Pour sa part, Saida Ait Bouali, députée marocaine, a estimé qu’il faut des textes pour bien positionner les femmes sur les listes. Comme au Maroc, le législateur doit également penser au quota de façon précise. « Il serait souhaitable de commencer par 30% représentativité dans tous les domaines », a-t-elle recommandé.

Selon cette parlementaire, les partis politiques doivent disposer des écoles afin de renforcer les capacités de leurs militants notamment les femmes. Elle apprend que l’expérience a été un succès au Maroc et que les femmes du Bénin doivent s’engager plus sur la question. « Mais elles ne pourront pas y arriver non plus sans les responsables  des partis politiques.
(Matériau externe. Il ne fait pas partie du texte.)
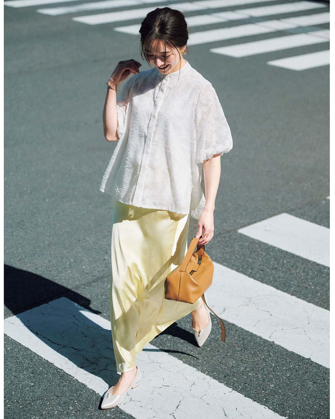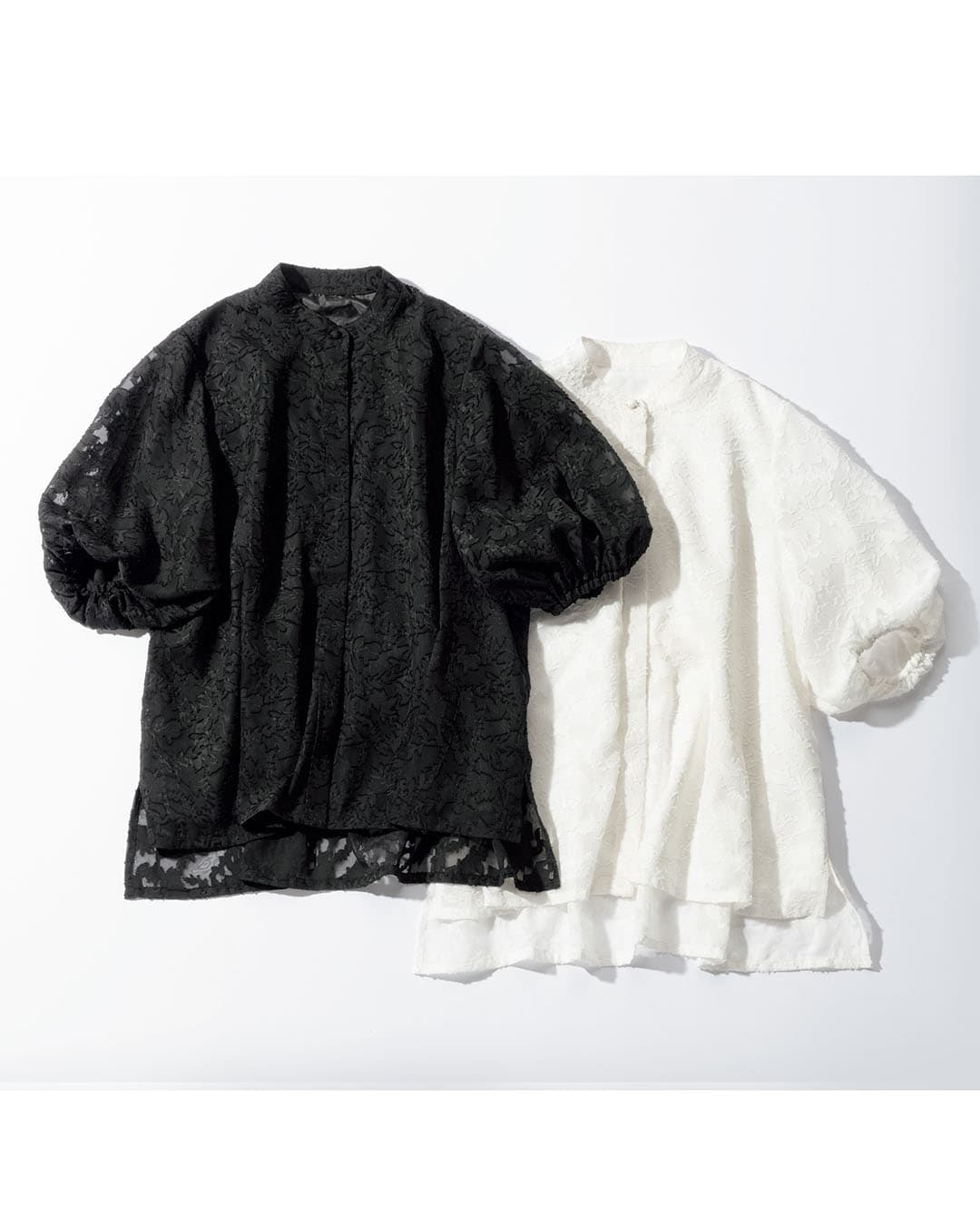シアー素材に抵抗がある人にもぜひ取り入れてほしいのがジャカードのシアー。きちんと感もありデイリーに活躍。

D’où la nécessité de la volonté politique », a-t-elle souligné.

Discriminations positives et quotas

Parlemenataires marocaines et béninois parlent de la représentativité des femmes en politiques avec Gilles Badet, juriste béninois et Sg de l'ABDC

Après la genèse des dispositions, Gille Badet, juriste béninois a indiqué que le législateur a déjà fait en sorte que la femme ne soit pas lésée. « L’article 26 de la constitution parle de l’égalité des sexes, le nouveau code électoral accorde d’office 24 sièges sur 109 aux femmes à l’Assemblée nationale », a précisé le Secrétaire général de l’Association Béninoise de Droit Constitutionnel (ABDC).

Un argument pour montrer que la loi n’admet pas la discrimination de l’un ou l’autre des sexes. « Tous sont protégés par la loi mais le problème, c’est que les femmes doivent s’imposer elles-mêmes », a-t-il exhorté.

« Il faut d’abord saisir cette perche et se battre par la suite pour mieux se faire représenter », c’est ce que pense Mariama Baba Moussa. Elle estime que la discrimination positive et le quota sont « une chance » pour les femmes. Imane El Yakoubi, une autre parlementaire marocaine a une autre lecture de la question.

Selon elle, c’est « réducteur » de parler du quota pour les femmes. « Les femmes méritent plus », a-t-elle revendiqué. La représentativité, poursuit la députée, c’est « être ou ne pas être ». C’est pourquoi elle a invité toutes les femmes à lutter encore et encore pour mériter leur place.

Quid du projet « Engageons-nous ! »

Photo de famille des participantes

En partenariat avec plusieurs fondations européennes et africaines et le cofinancement de l’Union européenne (UE), la fondation Konrad Adenauer Stiftung (KAS) a initié le projet « Engageons-nous ! Pour plus de femmes en politique au Bénin et au Maroc ».

Le projet a pour objectif principal d’amener les partis politiques à faciliter aux jeunes femmes membres de jouer un rôle actif et d’avoir une influence accrue au sein des partis politiques au Maroc et au Bénin.

Dans le cadre de la mise en œuvre de ce projet, un réseau multipartite est organisé. Il vise à promouvoir le dialogue multipartite qui favorisera l’émergence d’approches et de positions communes sur les questions de politique et de réforme du renforcement du rôle des femmes au sein des partis politiques.

Des femmes politiques du Maroc (une délégation de 15 personnes)  ont partagé leurs expériences avec les Béninoises et Béninois sur l’introduction du quota. Elles ont échangé sur les mécanismes déployés pour une meilleure représentativité des femmes en politiques.